The solution is literally very cool
Jan Huebinger in the group of Philippe Bastiaens has now developed a technology to arrest molecular activity patterns during observation of their dynamics in living cells at any time point of interest within milliseconds directly on the fluorescence microscope. By this, both fundamental problems of motional blur and photodestruction can be bypassed at the same time.

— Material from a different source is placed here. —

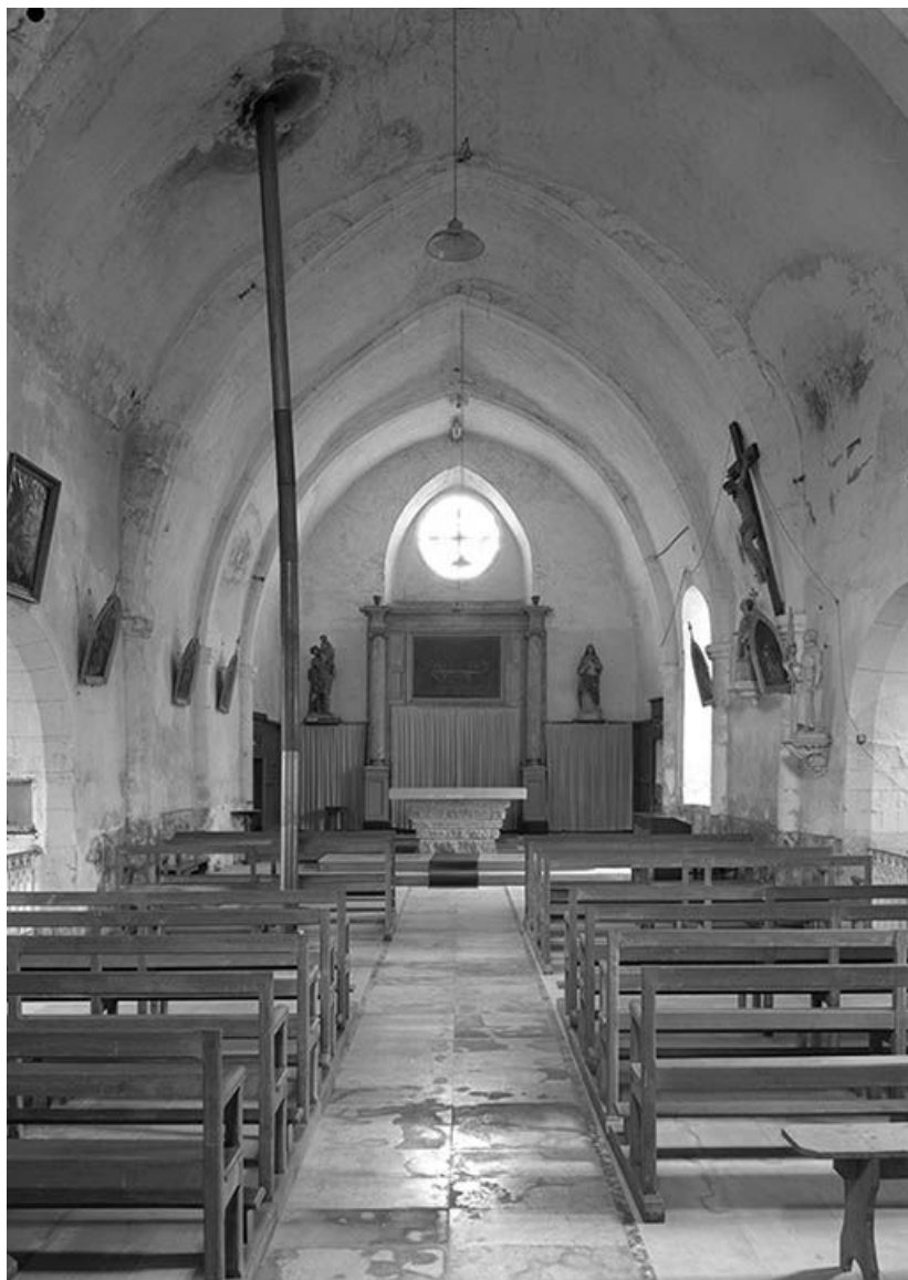
Vue intérieure vers le chœur.

The arrest is done by extremely fast cooling to temperatures that are so cold (-196 °C), that the molecular movement is virtually stopped. The arrest had to be very fast for two reasons. First, the energized microscopic patterns that define living cells disintegrate into the dead state if the arrest is too slow. Second, the speed of the arrest had to be faster than the process of ice formation, which would destroy the cells. This can also be observed on a larger scale, e.g., when tomatoes become very mushy after freezing. Ice formation happens extremely fast in the critical range between 0 °C and -136 °C. However, non-intuitively, at very low temperatures (below -136 °C) ice crystals can actually not form any more, because the motion of water molecules is also virtually stopped. This means literally, that cooling had to be faster than 100,000 °C per second. The researchers have mastered this technical challenge by developing an ultrarapid cooling device that is integrated with a microscope where the cold of liquid nitrogen (-196 °C) is accelerated under high pressure onto a diamond. The same diamond also holds the sample containing the cells on its opposing side. The high pressure burst in combination with exceptional heat conductance of the diamond allowed to achieve the necessary high cooling rates to arrest cells at -196 °C in their native configuration. This not only solved the problem of motional blur but also stop photochemical destruction. This opens up the possibility of virtually infinite exposure, highlighting molecular patterns that are otherwise obscured in the noise.
Making the invisible, visible
Ultrarapid cryo-arrest allowed the use of normally destructive high laser powers to analyze native molecular patterns at tens-of-nanometer resolutions that were otherwise invisible. What is more, because of the absence of photodestruction at -196 °C, the same arrested cells could be observed by different microscopy modalities to measure patterns from the molecular to the cellular scale. This new technology thereby led to the discovery of nanoscopic co-organization of an oncoprotein and a tumor suppressor protein that safeguards cells from exhibiting malignant behavior. “This is an enabling step for fluorescence microscopy, especially the combination of super-resolution microscopy and microspectroscopy that allow the mapping of molecular reactions in cells at multiple scales. It will change the way we observe molecular organization and reaction patterns in cells and therefore provide more insight in the self-organizing capabilities of living matter,” says Bastiaens.